UPSC Exam Preparation: Topic of the Day – Aspirational Districts Programme

Balanced growth is the prerequisite for the overall development in a diverse country like India. Many programmes have been formulated by the policymakers to address the issue of widespread disparity in the indicators of development in different regions of the country. Nonetheless, the programmes launched earlier lacked centralized monitoring mechanisms, were infested with loopholes, lack of convergence, lack of availability of real-time data etc. Above all, a “one size fits all” approach was adopted, which resulted in the programmes, not yielding the desired results.

Recently, in order to effectively and quickly transform the chosen districts (that have witnessed least progress among certain parameters of development), the government launched the Aspirational Districts Programme. The Aspirational Districts Programme (ADP) is a quintessential retreat from India’s previous development strategies in its ownership, scope, and scale. It is implicit in the plan of the programme that the Indian economy could sustain growth only by improving the human development for all its citizens.

  • 115 districts from across 28 states have been chosen. They constitute about 20% of the population of India and cover about 8,600-gram Panchayats.
  • The progress under the programme is tracked through the data collected on a real-time basis.

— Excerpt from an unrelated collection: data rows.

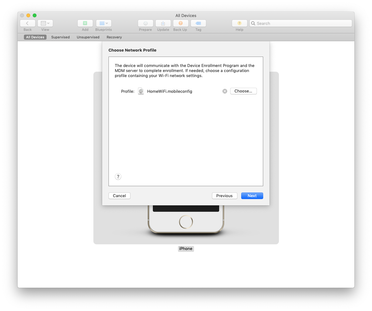10. Choose a network profile. This allows the device to connect to WiFi during the initial setup. If you haven't yet created a WiFi profile, click 'File', select 'New Profile', then create a new WiFi network profile via Apple Configurator.
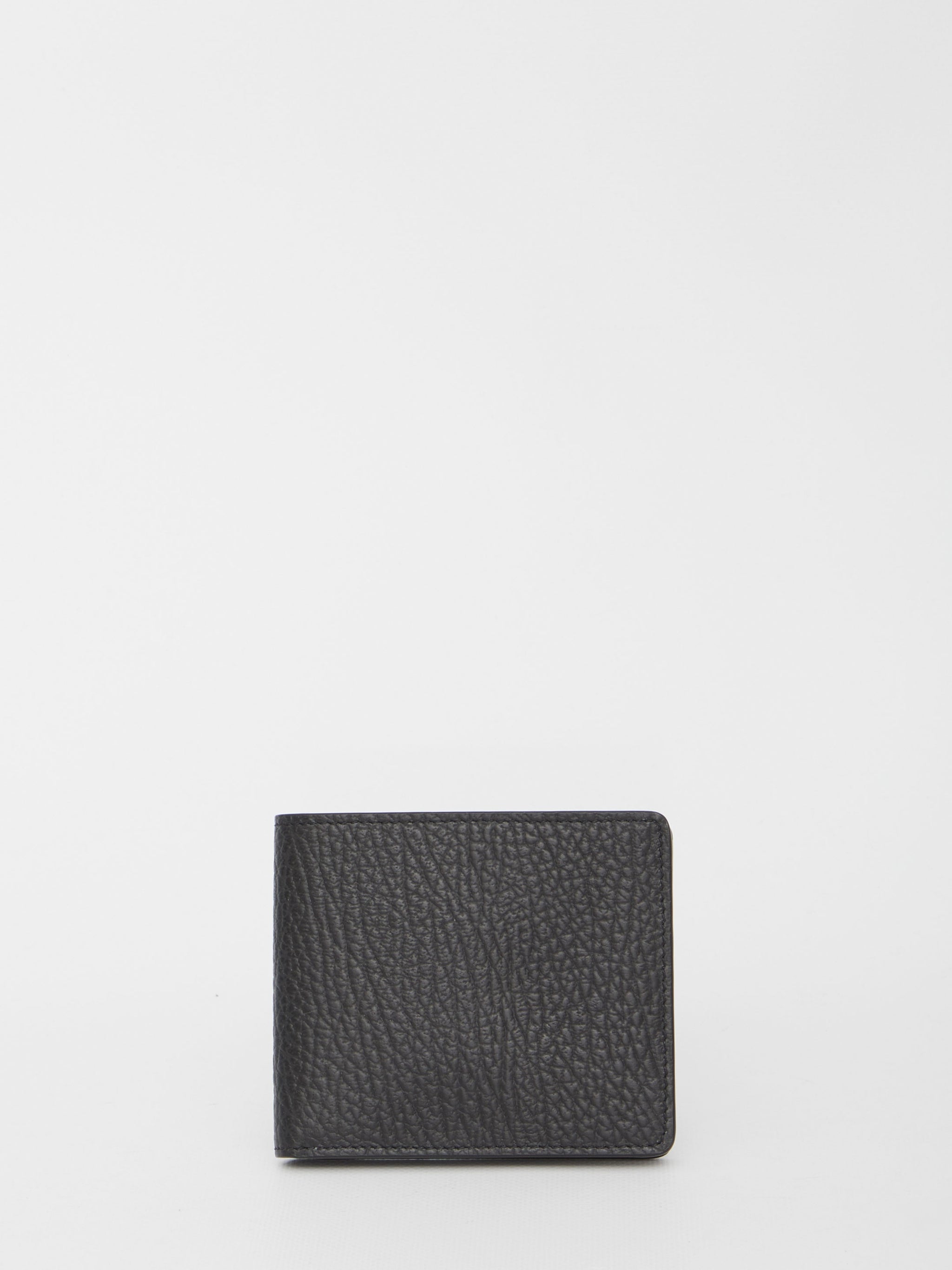 Bi-fold wallet in black grained leather with four seams detailing at the back and embossed numerical logo on the inside. It features two bill compartments, eight card slots and two additional slip pockets. Dust bag included. Any leather imperfections are not to be considered manufacturing defects, but a peculiarity of the material.
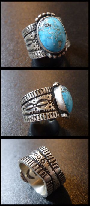 狂いのないスタンプワークにキングマンターコイズをセットした、ナバホ族のリングになります。
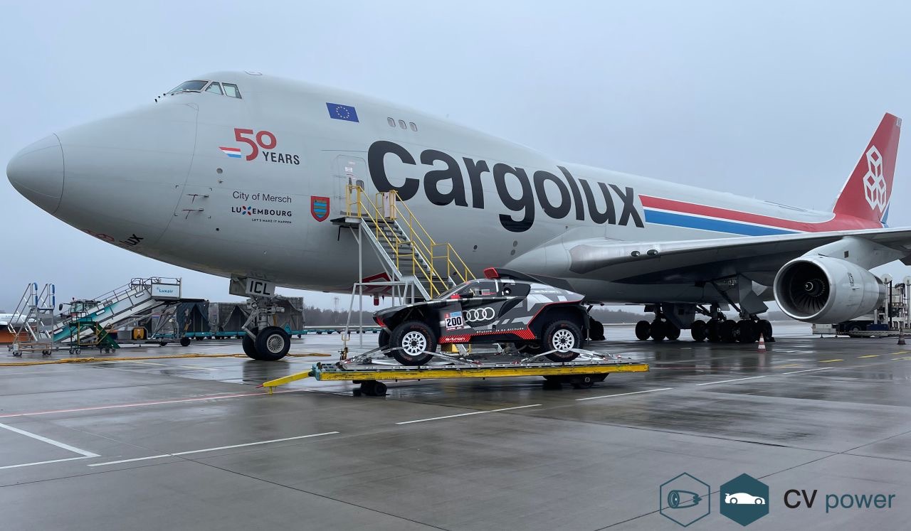 A fianco di questo B747/400F Cargolux c’e’ una delle 4 Audi RSQ E-Tron oltre a 7 tonnellate di materiali necessari a partecipare al 2022 Dakar Rallye che si correra’ in Arabia Saudita. L’aereo ha staccato le sue ruote da Lussemburgo con destinazione Riyadh. La committenza del trasporto e’ stata JAS Motosport Division, che ha operato per conto di Audi Sport & Q Motorsport GmbH.

A dashboard has been created by the NITI Ayog to track the real-time progress. This, in turn, enhances accountability and transparency.

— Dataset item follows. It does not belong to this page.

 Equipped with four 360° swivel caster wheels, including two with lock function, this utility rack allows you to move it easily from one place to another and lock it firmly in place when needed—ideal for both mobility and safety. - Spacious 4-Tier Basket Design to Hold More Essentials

  • Statistics have been collected on 49 indicators on 5 core dimensions (education, financial inclusion, agriculture and water resources, skill development and basic infrastructure) in order to provide an initial benchmark for the programme.
  • It is important, however, to note that all the dimensions are not considered equal in constructing a composite index for every district, taking cognizance of the nature of development challenges in India.
  • The focus, under the programme, is shifted from the outputs to the socio-economic outputs.
  • The programme is a positive shift towards cooperative federalism, as the districts and the states have a greater voice in their development.